*** Begin section ***

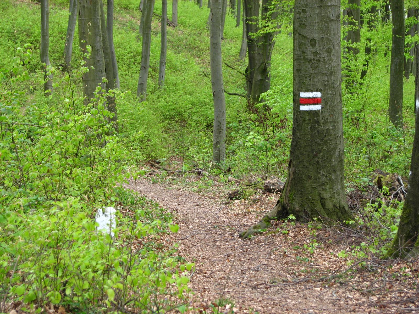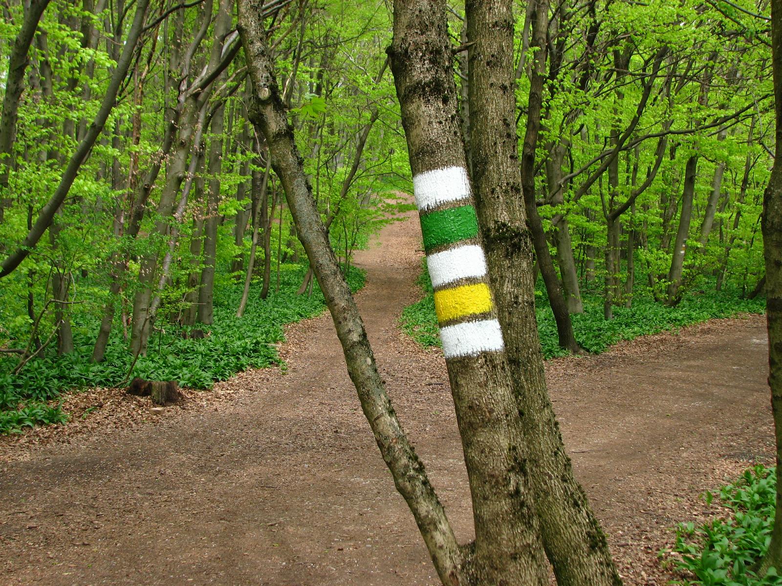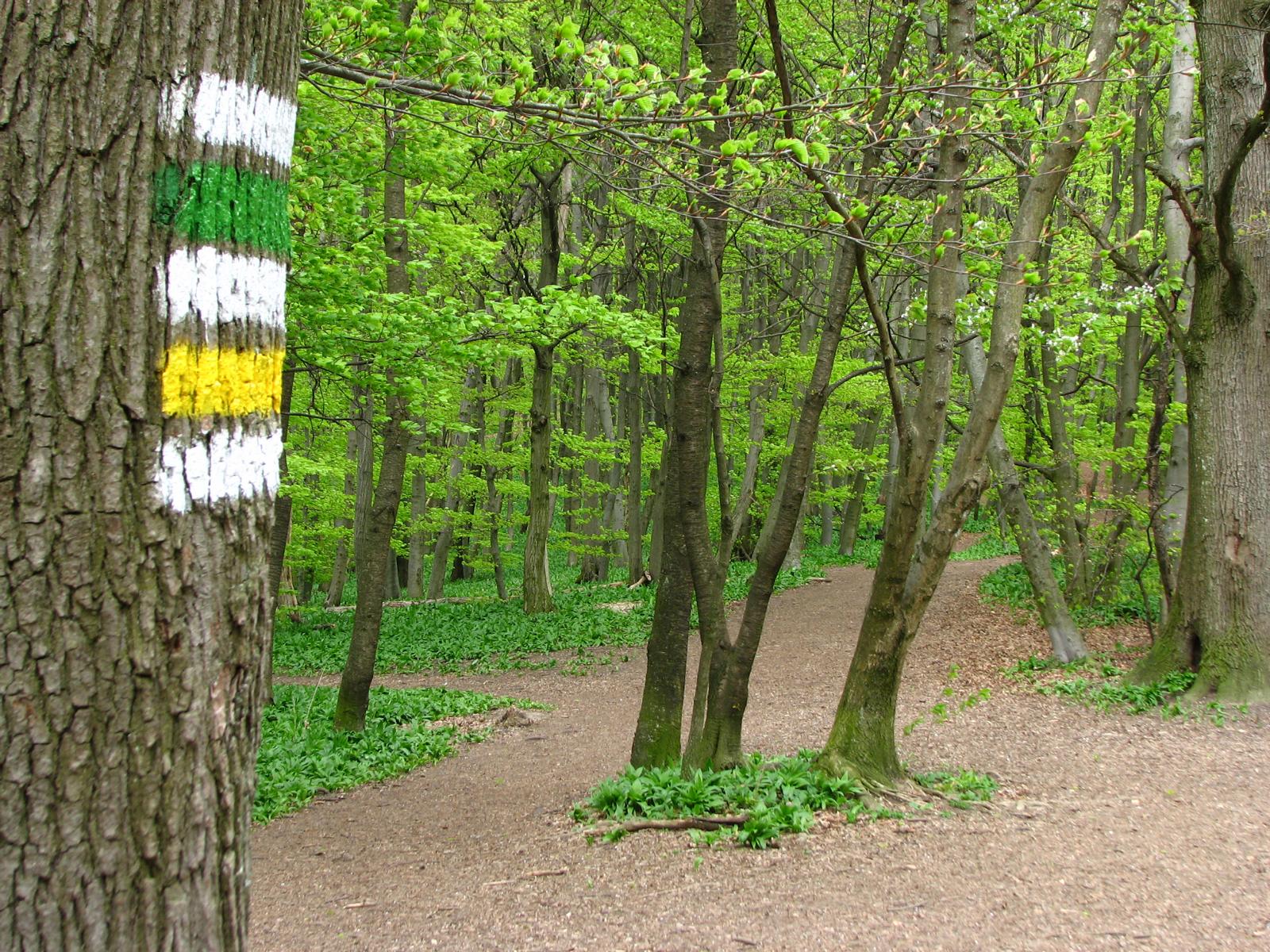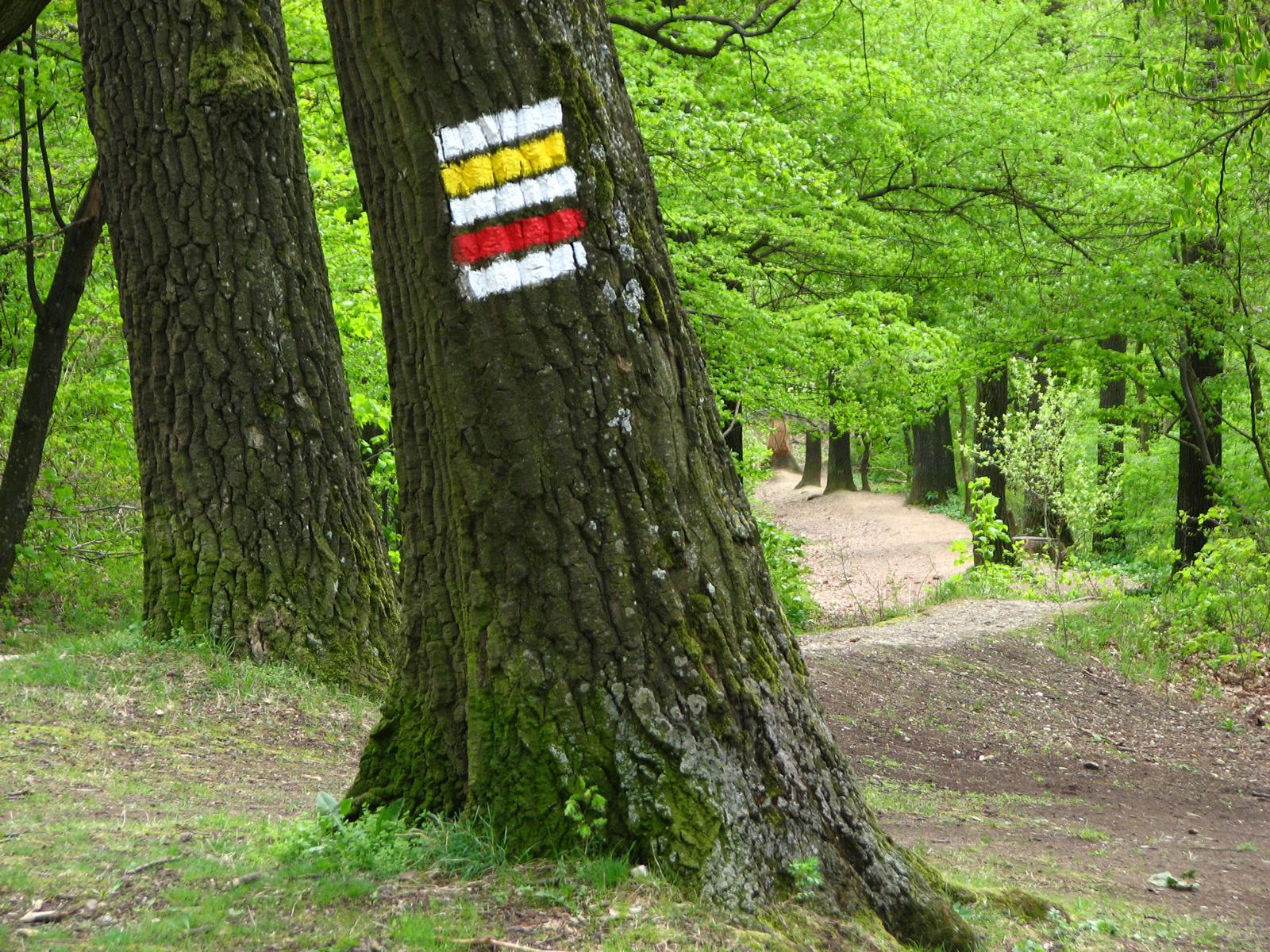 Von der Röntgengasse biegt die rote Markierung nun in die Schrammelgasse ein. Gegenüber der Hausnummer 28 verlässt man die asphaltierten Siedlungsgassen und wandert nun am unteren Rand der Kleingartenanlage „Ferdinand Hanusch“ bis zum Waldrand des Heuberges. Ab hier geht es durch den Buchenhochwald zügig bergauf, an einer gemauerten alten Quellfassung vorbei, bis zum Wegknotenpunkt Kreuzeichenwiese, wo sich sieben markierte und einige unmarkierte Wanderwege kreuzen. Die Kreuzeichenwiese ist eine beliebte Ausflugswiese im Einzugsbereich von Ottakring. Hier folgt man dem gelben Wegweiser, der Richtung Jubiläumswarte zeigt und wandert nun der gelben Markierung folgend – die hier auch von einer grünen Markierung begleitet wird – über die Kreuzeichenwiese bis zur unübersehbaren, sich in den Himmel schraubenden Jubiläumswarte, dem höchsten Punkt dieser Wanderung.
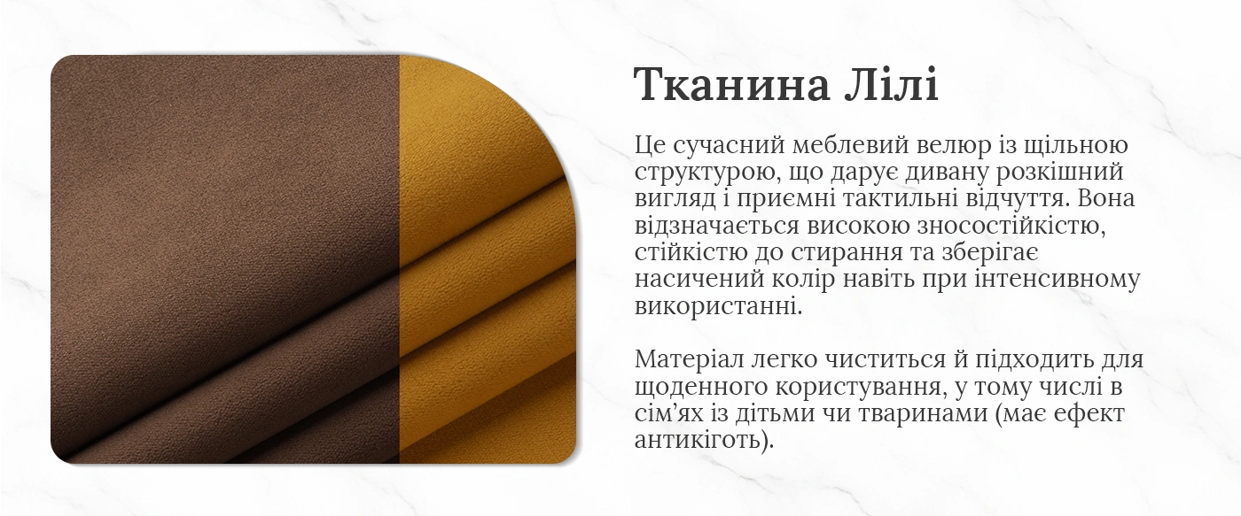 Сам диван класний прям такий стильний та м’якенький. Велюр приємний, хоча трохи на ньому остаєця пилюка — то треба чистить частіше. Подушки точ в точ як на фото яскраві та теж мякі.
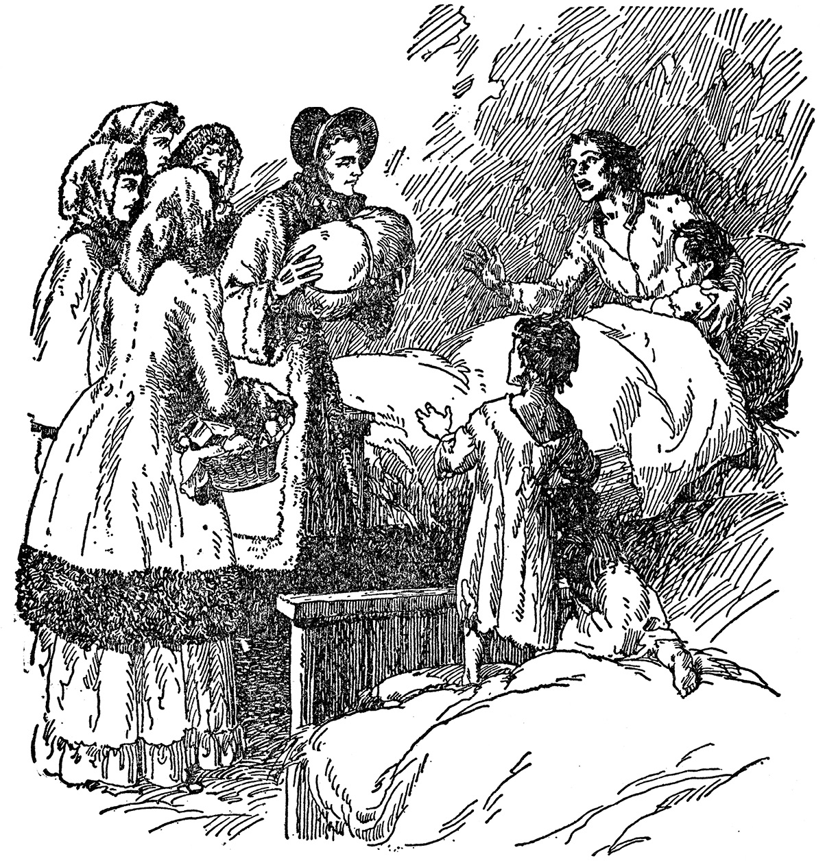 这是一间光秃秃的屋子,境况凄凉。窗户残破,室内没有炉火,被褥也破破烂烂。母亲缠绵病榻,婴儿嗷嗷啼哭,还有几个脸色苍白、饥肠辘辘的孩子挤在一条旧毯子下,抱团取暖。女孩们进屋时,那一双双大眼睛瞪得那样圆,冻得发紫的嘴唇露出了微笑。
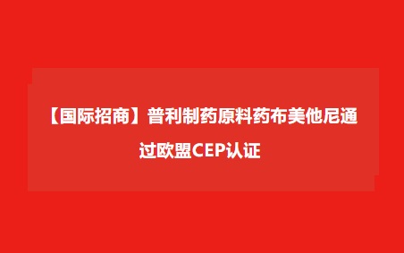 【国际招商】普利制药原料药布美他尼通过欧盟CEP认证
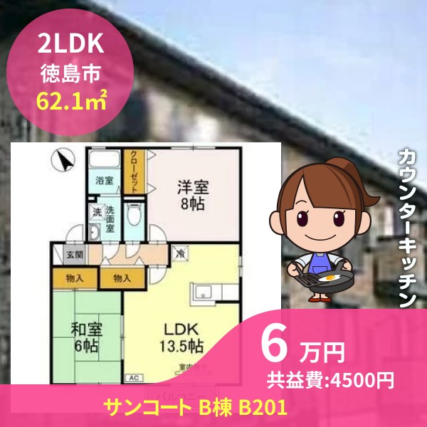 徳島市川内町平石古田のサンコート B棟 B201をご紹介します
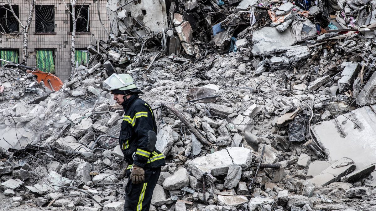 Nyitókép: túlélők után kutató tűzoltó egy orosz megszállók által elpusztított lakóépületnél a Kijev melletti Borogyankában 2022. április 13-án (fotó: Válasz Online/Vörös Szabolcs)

*** End section ***

→ TASK TO COMPLETE
Exclude the pictures, then retype every record exactly.

→ OUTPUT OF THE TASK
 Von der Röntgengasse biegt die rote Markierung nun in die Schrammelgasse ein. Gegenüber der Hausnummer 28 verlässt man die asphaltierten Siedlungsgassen und wandert nun am unteren Rand der Kleingartenanlage „Ferdinand Hanusch“ bis zum Waldrand des Heuberges. Ab hier geht es durch den Buchenhochwald zügig bergauf, an einer gemauerten alten Quellfassung vorbei, bis zum Wegknotenpunkt Kreuzeichenwiese, wo sich sieben markierte und einige unmarkierte Wanderwege kreuzen. Die Kreuzeichenwiese ist eine beliebte Ausflugswiese im Einzugsbereich von Ottakring. Hier folgt man dem gelben Wegweiser, der Richtung Jubiläumswarte zeigt und wandert nun der gelben Markierung folgend – die hier auch von einer grünen Markierung begleitet wird – über die Kreuzeichenwiese bis zur unübersehbaren, sich in den Himmel schraubenden Jubiläumswarte, dem höchsten Punkt dieser Wanderung.
 Сам диван класний прям такий стильний та м’якенький. Велюр приємний, хоча трохи на ньому остаєця пилюка — то треба чистить частіше. Подушки точ в точ як на фото яскраві та теж мякі.
 这是一间光秃秃的屋子,境况凄凉。窗户残破,室内没有炉火,被褥也破破烂烂。母亲缠绵病榻,婴儿嗷嗷啼哭,还有几个脸色苍白、饥肠辘辘的孩子挤在一条旧毯子下,抱团取暖。女孩们进屋时,那一双双大眼睛瞪得那样圆,冻得发紫的嘴唇露出了微笑。
 【国际招商】普利制药原料药布美他尼通过欧盟CEP认证
 徳島市川内町平石古田のサンコート B棟 B201をご紹介します
 Nyitókép: túlélők után kutató tűzoltó egy orosz megszállók által elpusztított lakóépületnél a Kijev melletti Borogyankában 2022. április 13-án (fotó: Válasz Online/Vörös Szabolcs)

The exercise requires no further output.